Mart ayından itibaren sigortalarda gecikme yaşanmaya başladı. Gecikmenin sebebi için sistemi anlatayım. Devlet aile hekimlerine bir ödenek verir, bu ödenekle aile hekimleri bizim sigortalarımızı, maaşlarımızı yatırır, giderleri karşılar. Bunu mali müşavir veya muhasebeciyle de yapabilir ama genellikle taşeron şirkete vermeyi tercih ediyorlar. Türkiye’nin her yerinde bu yöntemi tercih ediyorlar. Şirket de bu sorumluluğu yerine getirmediği için problem yaşadık. Mart ve nisan ayları sigorta primlerim yatmadı, mayıs ve haziran ayları yatırıldı, temmuz ağustos ayları da henüz e-Devlet’e yansımadığı için göremiyoruz.

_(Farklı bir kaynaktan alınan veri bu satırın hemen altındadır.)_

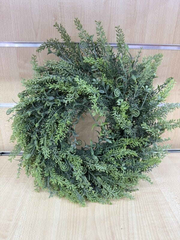 Efektowny wianek dekoracyjny wykonany ze sztucznej zieleni, o średnicy 37 cm. Idealny jako ozdoba drzwi, ściany lub stołu – pasuje do każdego stylu wnętrza. Świetnie sprawdzi się przez cały rok, a po dodaniu ozdób może stać się świąteczną lub sezonową dekoracją. Trwały, estetyczny i gotowy do zawieszenia.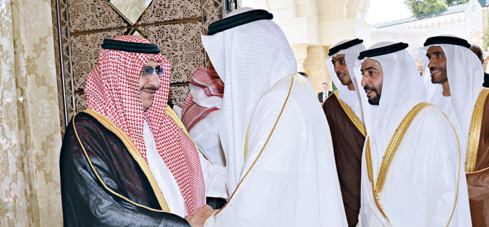 وعند وصول سموه إلى مقر خادم الحرمين الشريفين كان في استقباله أصحاب السمو الملكي الأمراء وأصحاب المعالي الوزراء وعدد من المسئولين.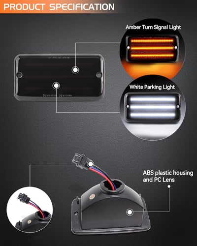 【Materiale durevole】I nostri indicatori di direzione a led switchback per Jeep Wrangler TJ sono costituiti da un guscio in plastica ABS durevole e da una lente in PC dura e affumicata, con caratteristiche antigraffio e non sbiadiscono anche dopo una lunga esposizione. Durata di vita di oltre 55000 ore.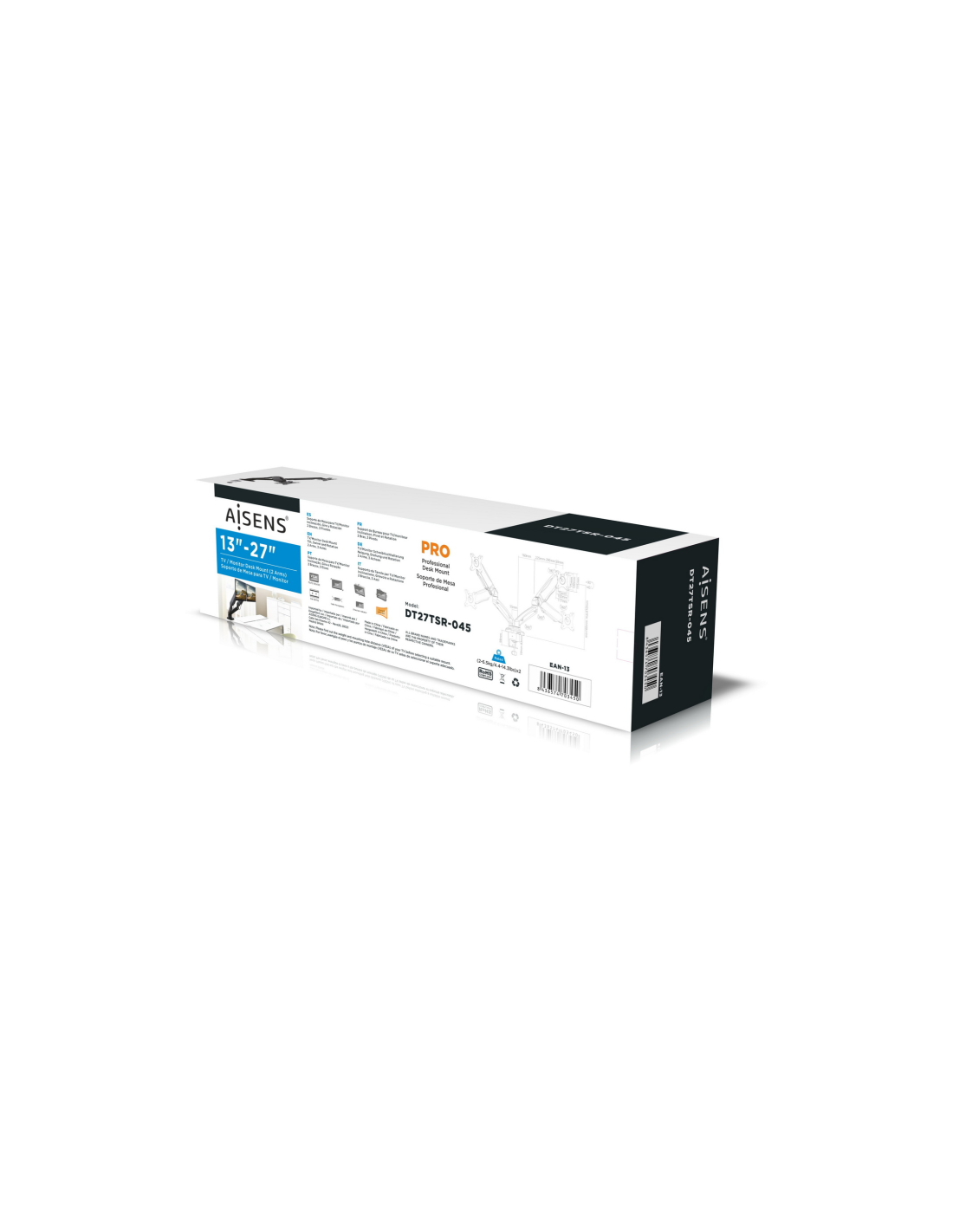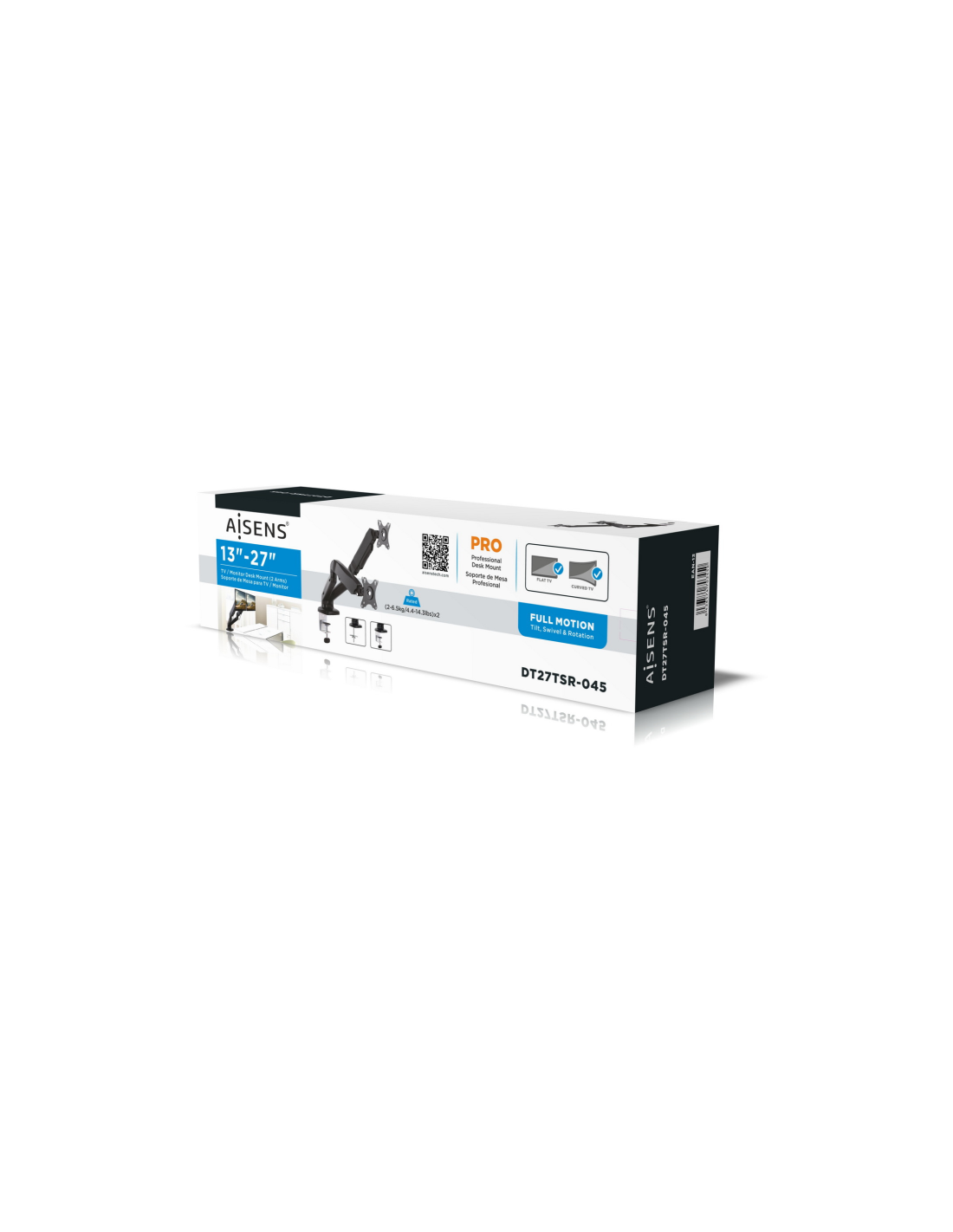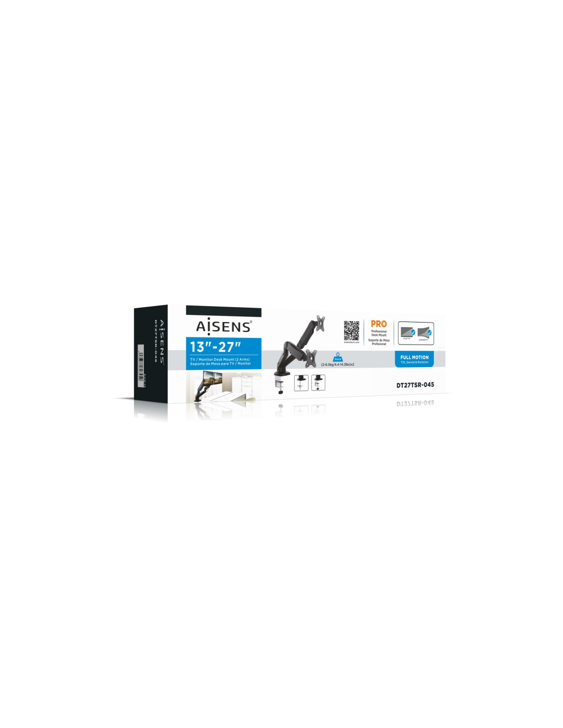 AISENS DT27TSR-045. Montaje: Atornillado, Capacidad máxima de peso: 9 kg, Tamaño mínimo de pantalla: 33 cm (13"), Tamaño máximo de pantalla: 81,3 cm (32"), Compatibilidad con interfaz de montaje (min): 75 x 75 mm, Compatibilidad con interfaz de montaje (max): 100 x 100 mm. Ángulo de inclinación: -45 - 90°. Color del producto: Negro

"İl sağlık müdürlüğü göz yumdu"
Burada her ne kadar sorumlu aracı şirket gibi görünse de asıl sorumluluk aile hekimleri ve Bursa İl Sağlık Müdürlüğü’ndedir. Konuyu aile hekimleri ve il sağlık müdürlüğü görevlileriyle sözlü olarak görüştüm ama hiçbir şey yapılmadı. 6 ayda bir il sağlık müdürlüğünden bize denetleme ekibi gelir ve sınıflandırma denetlemesi yapılır. A sınıfı aile hekimliği şartları yerine getirilmeden, sigortasız ve usulsüz bir şekilde çalışmaya devam ettik. İl sağlık müdürlüğü hiçbir yaptırımda bulunmadı ve bu duruma göz yumdu."
Son süreçte aile hekimlerinin başka bir taşeron firmayla anlaştığını söyleyen Bayram, "Bizim haklarımızdan vazgeçmemizi ve yeni firmaya sıfırdan işe başlamış gibi devam etmemizi istedi. Yani bir önceki şirketi sorumluluğunu almadan yeni işe başlıyormuş gibi o şekilde işe başlamamızı, haklarımızdan feragat etmemizi istediler. Tazminatlarımızın zaten yatırılmayacağını söylediler" dedi.
Canan Bayram, "Gelinen noktada sigorta primlerim ödenmemiş, tazminatım yatırılmamış bir şekilde işten ayrıldım. Hak kaybımız var. Bunun sorumlusu da aile hekimleri ve il sağlık müdürlüğüdür. Ben burada kendi mağduriyetimi anlattım ama bir çok insan bu mağduriyeti yaşıyor. Bu sorunun giderilmesini istiyorum" ifadelerini kullandı.
İddialara ilişkin görüşü sorulan Bursa İl Sağlık Müdürlüğü yetkilileri, herhangi bir yanıt vermedi.